Compte tenu de la révolution culturelle que représente l’usage de la télémédecine, non seulement pour le médecin mais également pour le patient, il est évident que l’entrée de la télémédecine en cardiologie doit se faire progressivement sur des thématiques simples, faciles à mettre en place, dont l’utilité est évidente pour tous et le financement attractif pour les pouvoirs publics. A plonger brutalement dans l’eau froide on risque de se noyer, nous devons rentrer dans le bain de la télémédecine progressivement de manière à pouvoir régler les problèmes qui pourraient se faire le jour et qui ne sont pas à priori prévisibles. A côté de son rôle fédératif des cardiologues, des industriels, des organismes administratifs, la commission aura pour rôle de former les cardiologues aux impératifs technologiques, juridiques, avec en ligne de mire le DMP qui devra être renseigné obligatoirement dans un proche avenir. Nous espérons également qu’elle aura un rôle stimulant pour les Groupes par l’analyse des expériences réussies ou non, au profit de tous.
Quels sont les freins à lever ?
Avant tout, c’est le décret d’application de la loi HPST qui se fait attendre. Les derniers échos font état d’un nouveau report (encadré), et la satisfaction de la reconnaissance de la télémédecine dans la loi s’estompe devant la lenteur de sa mise en application.
En dehors de cet aspect, les freins sont de quatre ordres :
- L’approche différente entre le public et le privé, car du simple fait que la télé surveillance n’est pas de la responsabilité des cardiologues traitants, trouver des candidats dans le privé n’est pas acquis. Le financement est la deuxième difficulté, soumise à la responsabilité des acteurs de l’assurance maladie de trouver l’économie du système.
- La répartition des responsabilités est aussi à préciser, un travail transversal public/privé et entre les Groupes de spécialités de la SFC est indispensable.
- Le quatrième enjeu est la gestion des données, puisque rien ne sera fait si l’on ne donne pas accès à des messageries sécurisées, à des lecteurs de carte professionnelle de santé.
- La Commission aura aussi pour mission de favoriser auprès des fournisseurs d’accès l’interopérabilité qui est le préalable au renseignement homogène du DMP et de la confidentialité des données, incomplètement maîtrisée à ce jour.
Voilà de quoi bien occuper la Commission de télémédecine.
Le décret relatif à la télémédecine va fixer le cadre légal de son exercice. Il définit l’acte de télémédecine, les conditions d’exercice et sa mise en œuvre.
- La téléconsultation est un acte médical qui se réalise en présence du patient qui dialogue avec le médecin requérant et/ou le ou les médecins télé consultants requis. (sources: rapport P Simon-D Acker sur la place de la télémédecine dans l’organisation des soins)
- La télé assistance peut être un acte médical lorsqu’un médecin assiste à distance un autre médecin en train de réaliser un acte médical ou chirurgical.
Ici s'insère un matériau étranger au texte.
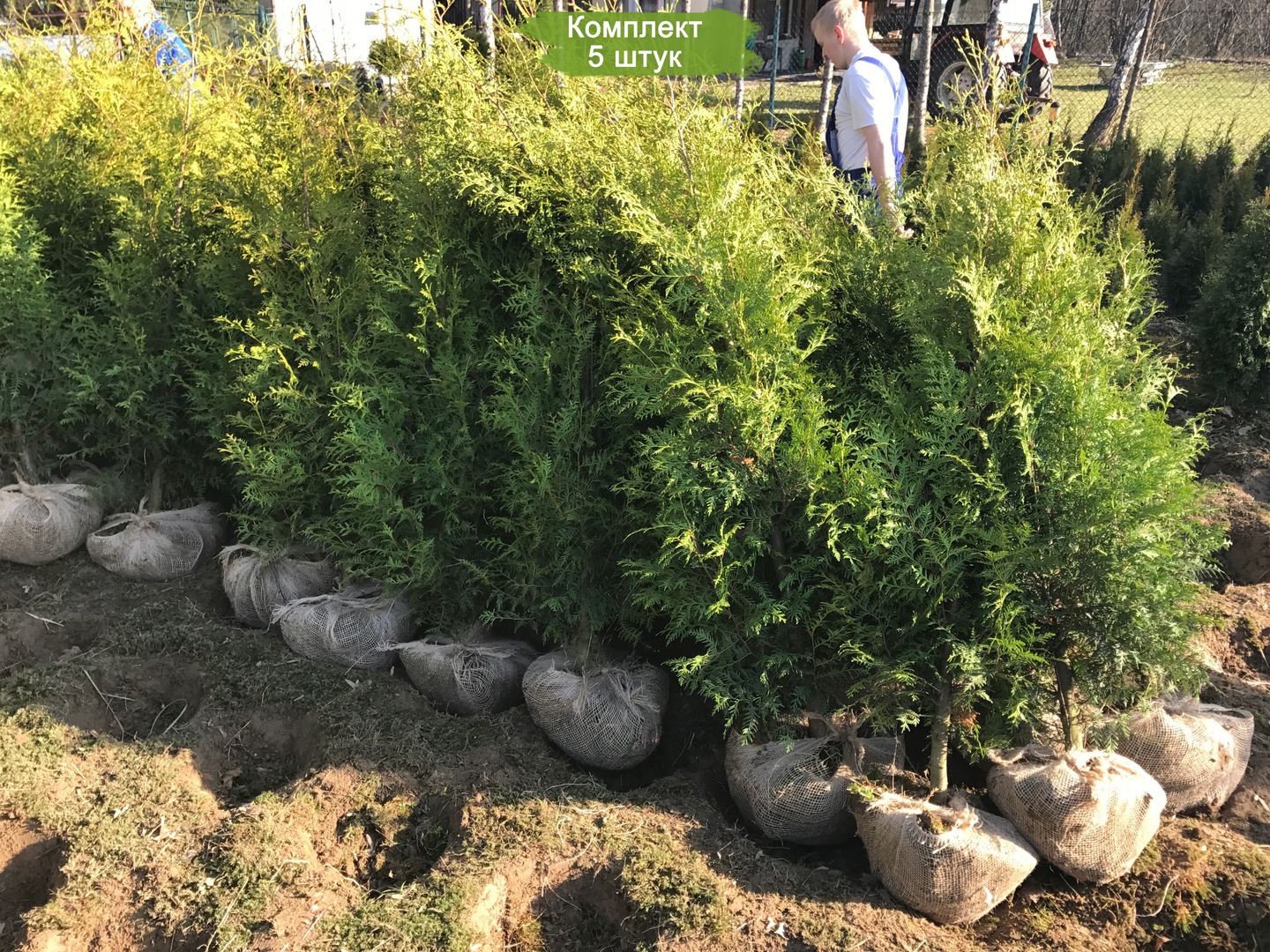 В комплект входит 5 саженцев туи 'Брабант' высотой 100-150 см. Растения упакованы таким образом, чтобы обеспечить их безопасную транспортировку и прибытие в отличном состоянии.

Le médecin peut également assister un autre professionnel de santé qui réalise un acte de soins ou d’imagerie, voire dans le cadre de l’urgence, assister à distance un secouriste ou toute personne portant assistance à personne en danger en attendant l’arrivée d’un médecin.
- L’acte médical de télé expertise se décrit comme un échange entre deux ou plusieurs médecins qui arrêtent ensemble un diagnostic et/ou une thérapeutique sur la base des données cliniques, radiologiques ou biologiques qui figurent dans le dossier médical d’un patient.
- La télésurveillance est un acte médical qui découle de la transmission et de l’interprétation par un médecin d’un indicateur clinique, radiologique ou biologique, recueilli par le patient lui-même ou par un professionnel de santé. L’interprétation peut conduire à la décision d’une intervention auprès du patient. Il est interprété aujourd’hui par un médecin, ce dernier pouvant à l’avenir déléguer à un autre professionnel de santé une conduite à suivre. Celle-ci s’appuiera sur un protocole écrit de surveillance du dit indicateur qui aura été validé par le médecin traitant ou un médecin requis.